#### INFORMATION PROVIDED

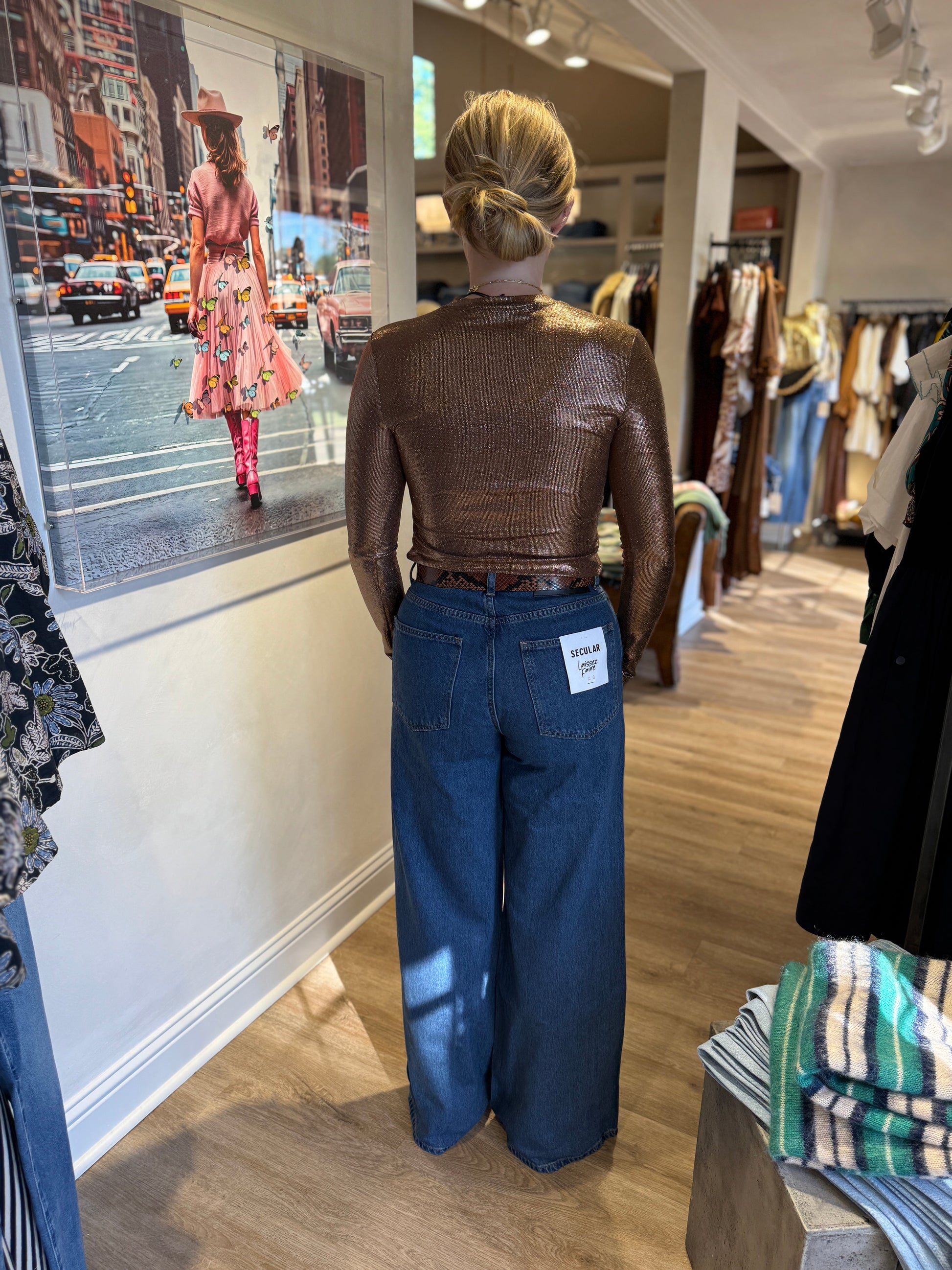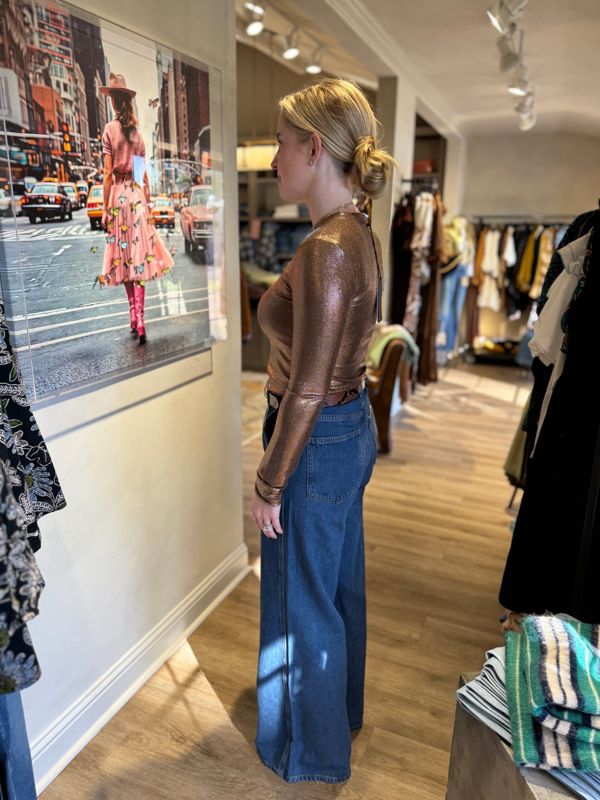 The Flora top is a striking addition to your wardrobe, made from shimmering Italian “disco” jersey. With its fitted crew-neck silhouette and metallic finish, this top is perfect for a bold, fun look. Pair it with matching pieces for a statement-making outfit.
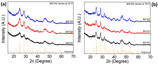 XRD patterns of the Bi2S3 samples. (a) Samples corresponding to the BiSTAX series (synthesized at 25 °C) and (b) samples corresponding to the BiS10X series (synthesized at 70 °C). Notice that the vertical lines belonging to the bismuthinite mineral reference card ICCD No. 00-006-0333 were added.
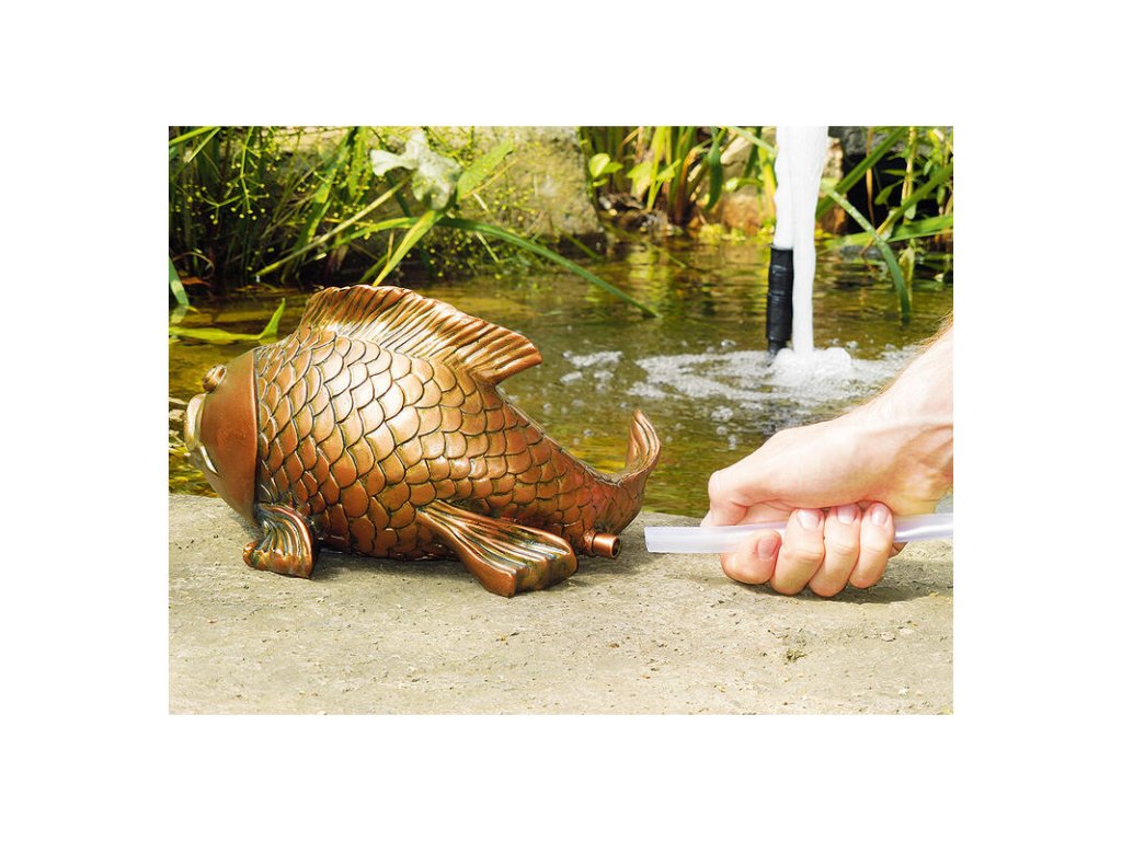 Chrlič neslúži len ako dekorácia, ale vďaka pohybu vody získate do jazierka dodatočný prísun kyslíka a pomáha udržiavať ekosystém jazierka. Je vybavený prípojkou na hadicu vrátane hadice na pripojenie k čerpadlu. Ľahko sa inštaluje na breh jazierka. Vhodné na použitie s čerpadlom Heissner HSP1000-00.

########

Nothing but the text is wanted: repeat the data above exactly, without its images.

 The Flora top is a striking addition to your wardrobe, made from shimmering Italian “disco” jersey. With its fitted crew-neck silhouette and metallic finish, this top is perfect for a bold, fun look. Pair it with matching pieces for a statement-making outfit.
 XRD patterns of the Bi2S3 samples. (a) Samples corresponding to the BiSTAX series (synthesized at 25 °C) and (b) samples corresponding to the BiS10X series (synthesized at 70 °C). Notice that the vertical lines belonging to the bismuthinite mineral reference card ICCD No. 00-006-0333 were added.
 Chrlič neslúži len ako dekorácia, ale vďaka pohybu vody získate do jazierka dodatočný prísun kyslíka a pomáha udržiavať ekosystém jazierka. Je vybavený prípojkou na hadicu vrátane hadice na pripojenie k čerpadlu. Ľahko sa inštaluje na breh jazierka. Vhodné na použitie s čerpadlom Heissner HSP1000-00.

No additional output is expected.